Versions of relevant libraries:
[pip3] numpy==1.24.2
[pip3] pytorch-lightning==2.0.1
[pip3] torch==2.0.0
[pip3] torchaudio==2.0.1
[pip3] torchmetrics==0.11.4
[pip3] torchvision==0.15.1
[pip3] triton==2.0.0

Could you post the install command you have used on this EC2 instance?
Was it just pip install torch?
I cannot reproduce the issue locally using 2.0.0+cu117 and also the verification works:

python tools/dynamo/verify_dynamo.py 
Python version: 3.8.16
`torch` version: 2.0.0+cu117
CUDA version: 11.7
ROCM version: None

All required checks passed

yes, this was the command
pip install torch torchvision torchaudio

I recreated a new instance and used cuda 11.8 and that worked perfectly.

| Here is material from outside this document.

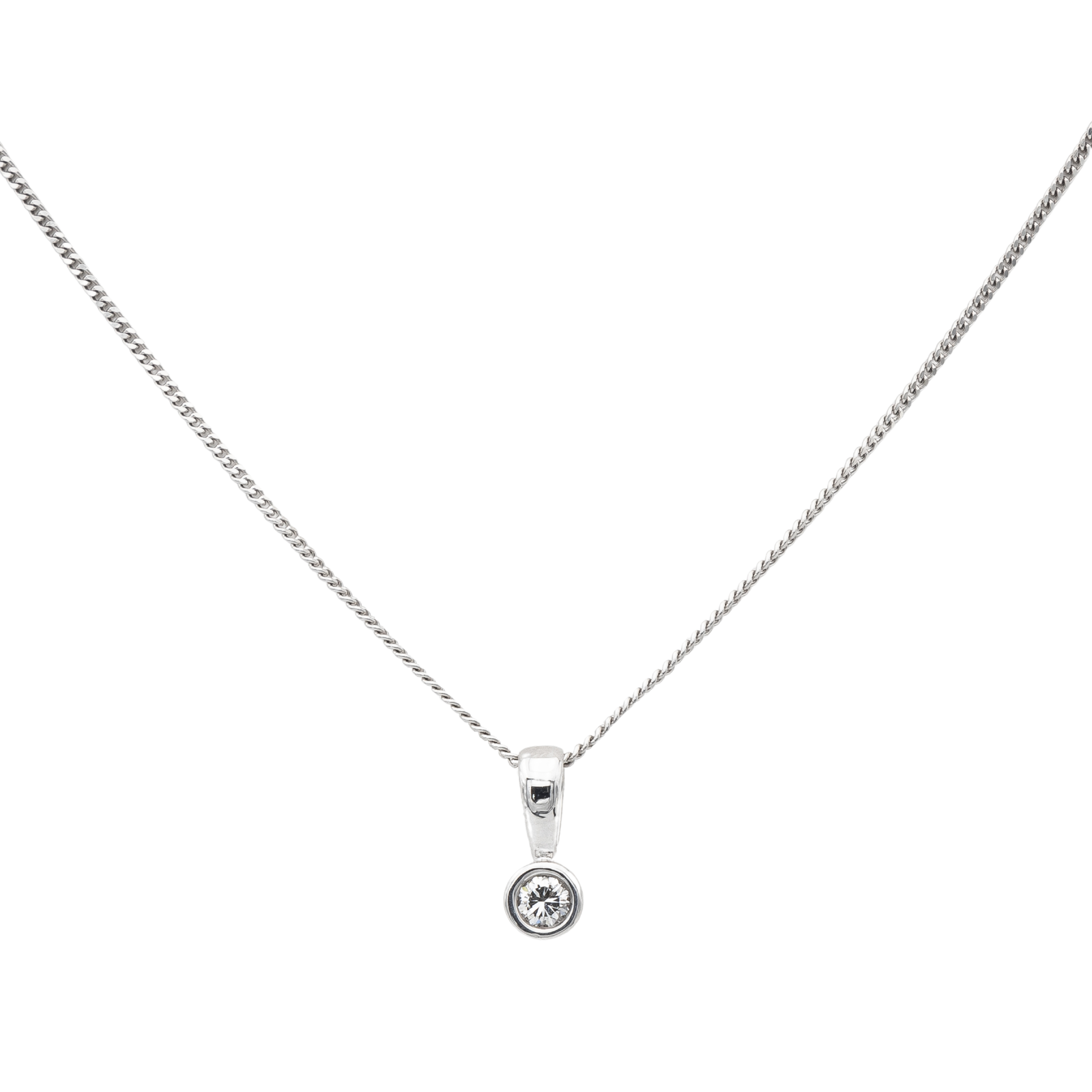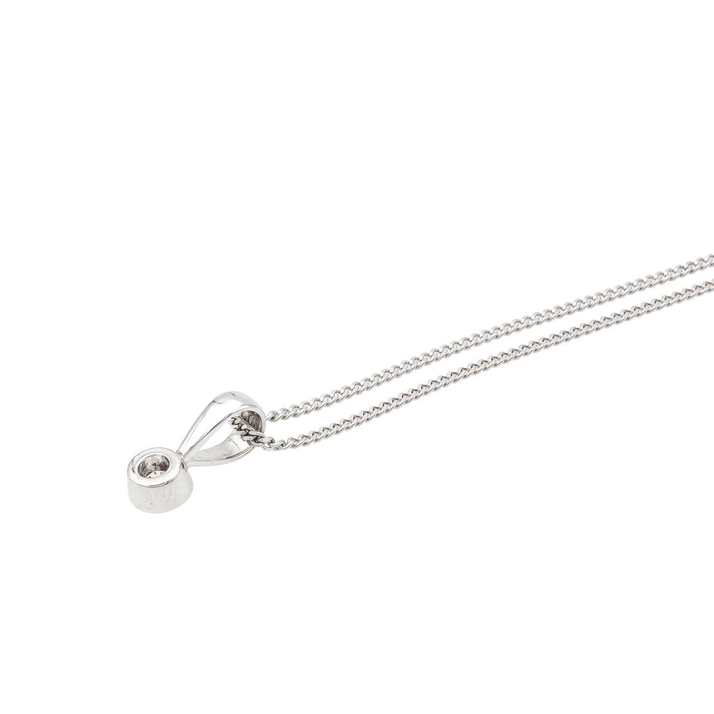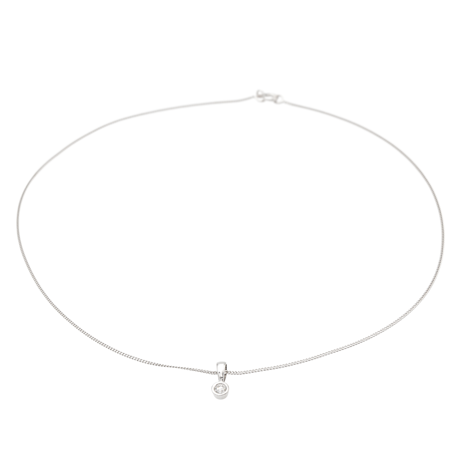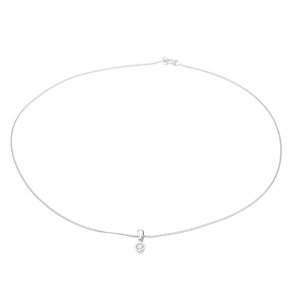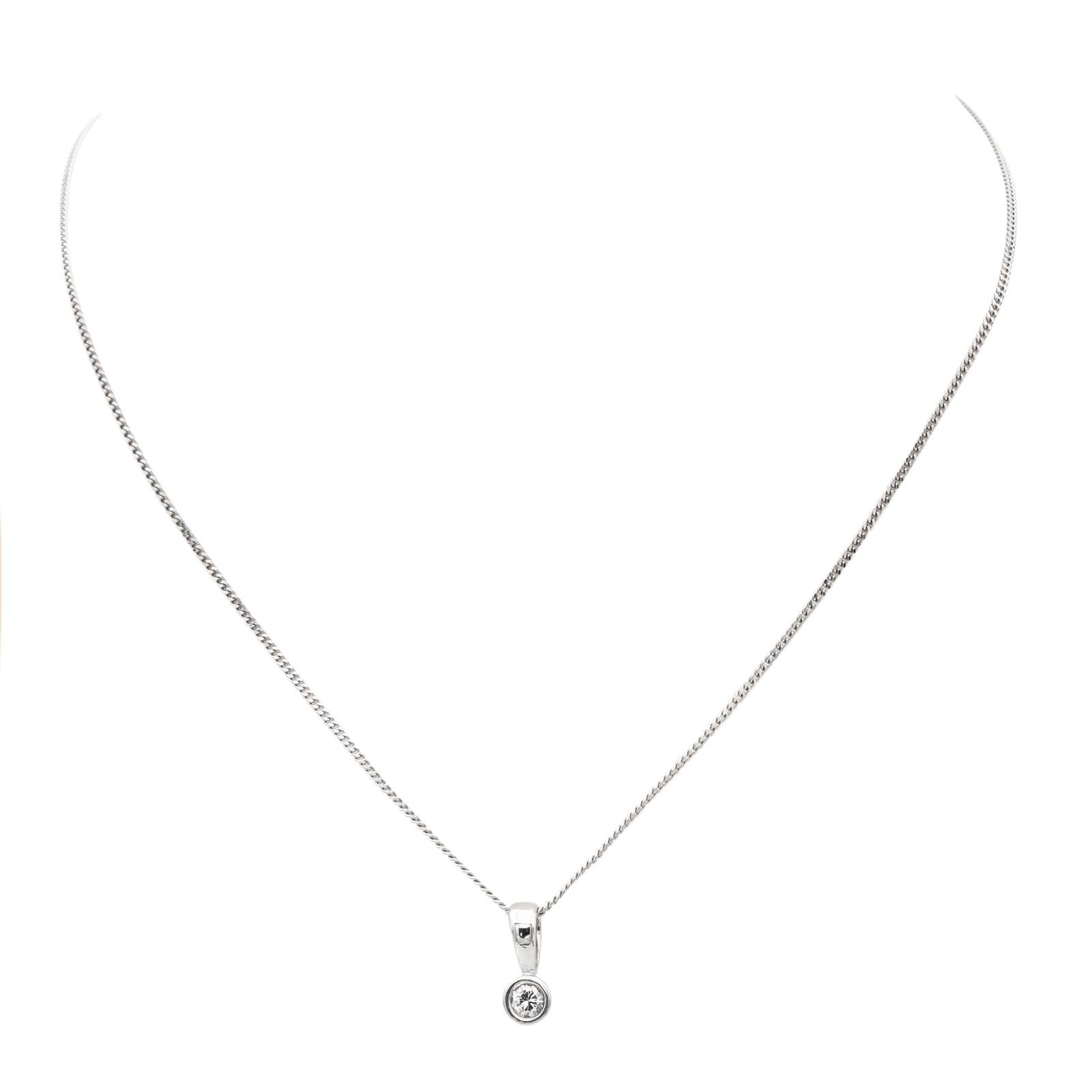 Collier en Or blanc 750 millièmes (18 carats), Pendentif serti clos diamant taille brillant G-H V-SI d'environ 0,11 ct, Dimensions pendentif: 1,1 cm x 0,45 cm, longueur chaîne: 40 cm, largeur chaîne: 0,09 cm, Poinçon tête d'aigle, Poids total: 2,46 g, état neuf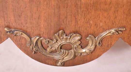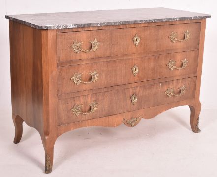 A French 19th century marble top & walnut chest of drawers commode. The chest having a black marble top with canted corners. Bank of three drawers below, each with acanthus leaves shaped brass handles and escutcheon. Shaped apron below, all raised on cabriole supports with brass embellishments.

Not sure why 11.7 wasn’t working.

1 Like
  File "/home/LAB/geling/.conda/envs/AAAI/lib/python3.9/site-packages/torch/_dynamo/output_graph.py", line 588, in compile_and_call_fx_graph
    compiled_fn = self.call_user_compiler(gm)
  File "/home/LAB/geling/.conda/envs/AAAI/lib/python3.9/site-packages/torch/_dynamo/utils.py", line 163, in time_wrapper
    r = func(*args, **kwargs)
  File "/home/LAB/geling/.conda/envs/AAAI/lib/python3.9/site-packages/torch/_dynamo/output_graph.py", line 675, in call_user_compiler
    raise BackendCompilerFailed(self.compiler_fn, e) from e
torch._dynamo.exc.BackendCompilerFailed: compile_fn raised ImportError: cannot import name 'next_power_of_2' from 'triton' (unknown location)
XXX@dell-gpu-32:~/MSDA$ python -c "import torch; print(torch.__version__)"                                                                                                            
2.0.1+cu118
XXX@dell-gpu-32:~/MSDA$ python -c "import torch; print(torch.version.cuda)"
11.8

I have the same issue

  File "/home/LAB/geling/.conda/envs/AAAI/lib/python3.9/site-packages/torch/_dynamo/convert_frame.py", line 311, in transform
    tracer.run()
  File "/home/LAB/geling/.conda/envs/AAAI/lib/python3.9/site-packages/torch/_dynamo/symbolic_convert.py", line 1726, in run
    super().run()
  File "/home/LAB/geling/.conda/envs/AAAI/lib/python3.9/site-packages/torch/_dynamo/symbolic_convert.py", line 576, in run
    and self.step()
  File "/home/LAB/geling/.conda/envs/AAAI/lib/python3.9/site-packages/torch/_dynamo/symbolic_convert.py", line 540, in step
    getattr(self, inst.opname)(inst)
  File "/home/LAB/geling/.conda/envs/AAAI/lib/python3.9/site-packages/torch/_dynamo/symbolic_convert.py", line 1792, in RETURN_VALUE
    self.output.compile_subgraph(
  File "/home/LAB/geling/.conda/envs/AAAI/lib/python3.9/site-packages/torch/_dynamo/output_graph.py", line 541, in compile_subgraph
    self.compile_and_call_fx_graph(tx, pass2.graph_output_vars(), root)
  File "/home/LAB/geling/.conda/envs/AAAI/lib/python3.9/site-packages/torch/_dynamo/output_graph.py", line 588, in compile_and_call_fx_graph
    compiled_fn = self.call_user_compiler(gm)
  File "/home/LAB/geling/.conda/envs/AAAI/lib/python3.9/site-packages/torch/_dynamo/utils.py", line 163, in time_wrapper
    r = func(*args, **kwargs)
  File "/home/LAB/geling/.conda/envs/AAAI/lib/python3.9/site-packages/torch/_dynamo/output_graph.py", line 675, in call_user_compiler
    raise BackendCompilerFailed(self.compiler_fn, e) from e
torch._dynamo.exc.BackendCompilerFailed: compile_fn raised ImportError: cannot import name 'next_power_of_2' from 'triton' (unknown location)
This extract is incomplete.